五月二十,剩下的八家放印子錢的終於有了動靜。方書吏拿著一封信走進公事房,說大人,城西的李老闆託人帶話,說想見您。
葉明接過信看了一遍,信寫得很客氣,說李老闆願意配合商務院的規矩,降息到一分五,籤正規合同,放棄暴力催收。葉明把信放下,說想見就讓他來。
下午,李老闆來了。四十來歲,瘦高個,穿著一件半舊的綢袍,說話慢條斯理,不卑不亢。
他站在正堂裡,先給葉明行了個禮,說葉大人,草民李德厚,在城西開了家當鋪,以前利息高了些,是草民不對。現在草民願意改,按商務院的規矩來。葉明看著他,說改了就好,改了就不用被抓了。李老闆愣了一下,隨即笑了笑,說葉大人說笑了。
葉明說我沒說笑,馬老闆已經坐牢了,他手下那八個閒漢也進去了。你要是真心想改,我歡迎。你要是陽奉陰違,商務院的規矩不是擺著看的。李老闆的臉色變了變,又恢復了正常。他說草民是真心的。
葉明讓方書吏拿了一份保證書給李老闆簽字。李老闆接過去看了一遍,簽了字,按了手印,然後帶著那份保證書走了。
李老闆前腳剛走,林遠後腳就進來了,手裡拿著一封信,說大人,順天府劉捕頭讓人送來的。葉明拆開看,信上寫著剩下的七家放印子錢的有三家跑了,連夜收拾東西出了城,不知道去哪兒了。
還有四家在觀望,估計也在準備跑。葉明把信放下,說跑得了和尚跑不了廟。他們的鋪子還在,地契還在,銀子還在商務院的賬上。林遠問要不要追,葉明說不用追,跑了就跑了。跑了一個,少一個禍害。剩下的四家,你盯著,別讓他們也跑了。林遠應了。
傍晚,葉明回到家。承平正蹲在後院,面前擺著那輛小木車,車上多了一個小木箱,用釘子釘在車上,箱子裡放著幾顆石子。周明遠蹲在旁邊,手裡拿著砂紙,正在打磨木箱的邊緣,砂紙摩擦木頭髮出的聲音沙沙的。
承平手裡也拿著一小塊砂紙,學著他爹的樣子在磨。葉明走過去蹲下來,問周明遠又給承平做什麼。周明遠說做個貨箱,能裝東西,他那些石頭、木塊都有地方放了。葉明說你就會慣著他。周明遠說不慣他慣誰,就這一個兒子。
承平抬起頭,說爹,磨好了嗎?周明遠說快了,再磨一會兒。承平說那我也磨,周明遠說好,你磨這邊。承平蹲下來,認真地在木箱邊角磨起來,砂紙磨木頭的聲音細細碎碎的。
葉瑾從屋裡出來,手裡拿著一封信,遞給葉明。三哥,林遠的信。葉明拆開看,林遠的字還是一樣工整。

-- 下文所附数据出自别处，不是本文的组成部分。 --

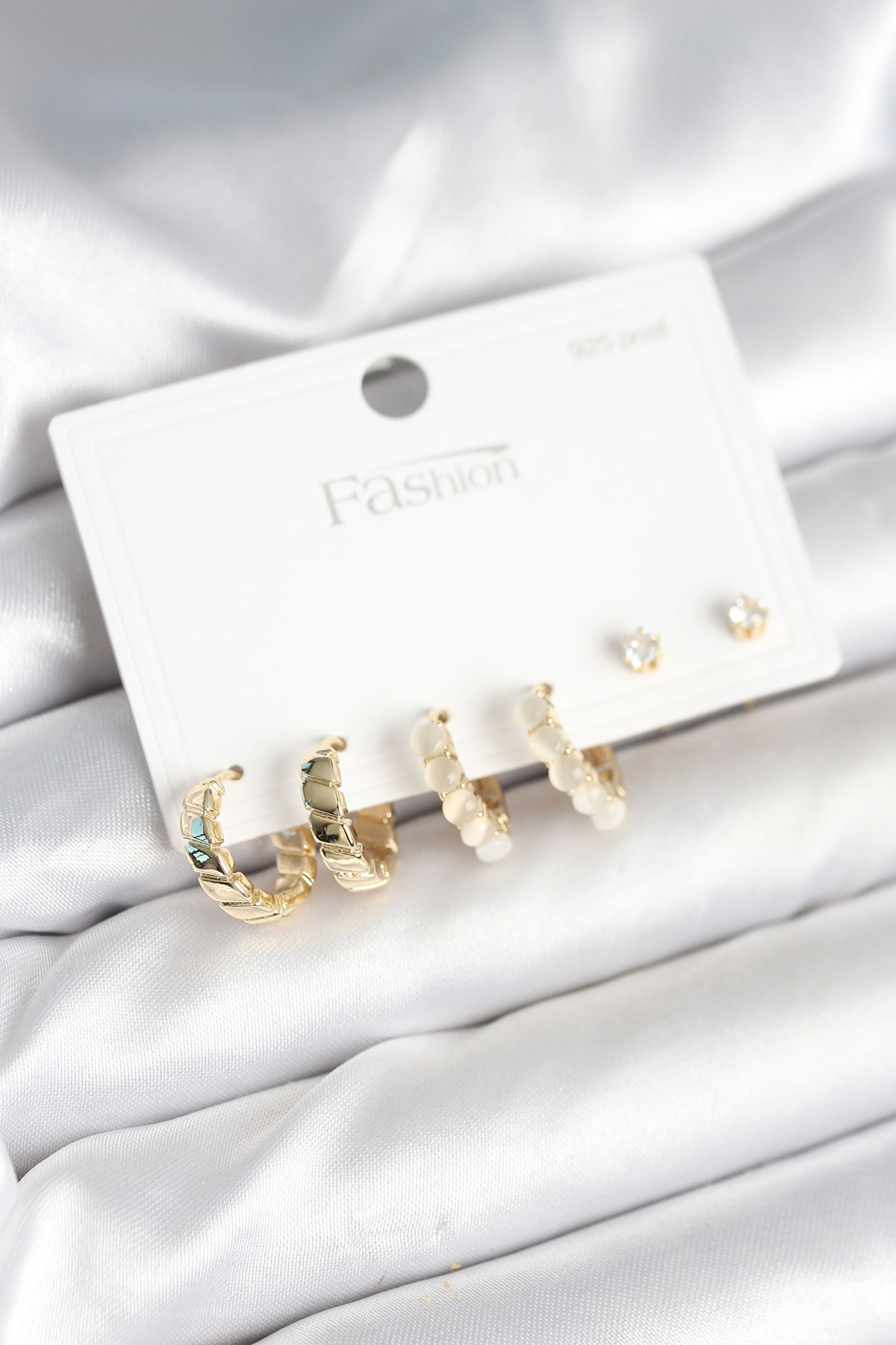 Tegan Gold Renk Pirinç Halka 925 Ayar Gümüş Çivili Kadın Küpe Seti TG27BKP11272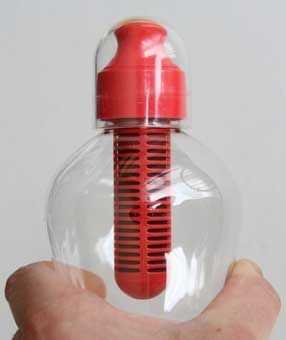 Opción 2: Si hay cosas flotando en él, filtrarla! La mejor manera de obtener un carbón del filtro, esto hace que se vea mejor ALLOT y hace que parezca incluso más apetecible. He utilizado que cosa llamada Bobble a filerlo, es una botella de agua con una boquilla de filtro de carbono. (ver imagen)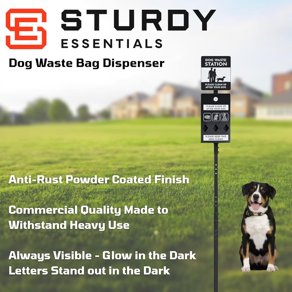 • HYGIENIC AND EASY TO CLEAN: Made from non-porous, stain-resistant material, this pet waste station is easy to clean and maintain. It won't rust, and the durable surface is resistant to pet urine, harsh chemicals, and weather conditions, ensuring it remains in excellent condition over time.

“大人,蘇州的商戶們聽說北京又有三家放印子錢的跑了,都說商務院厲害,嚇得他們不敢待了。有人開玩笑說,商務院不但管放貸,還會抓人,以後放印子錢的都得繞著商務院走。下官聽了,覺得很解氣。”
葉明把信摺好放進抽屜裡。葉秋從書房出來,手裡拿著一封信,遞給葉明。三弟,巴圖的信。葉明拆開看,巴圖的字越來越穩了。
“葉大人,互市這個月生意好。牧民們聽說又有放印子錢的跑了,都說商務院好。有人說,商務院要是早幾年開就好了,他就不用借印子錢了。下官說,現在也不晚,商務院一直在。我會好好幹的。”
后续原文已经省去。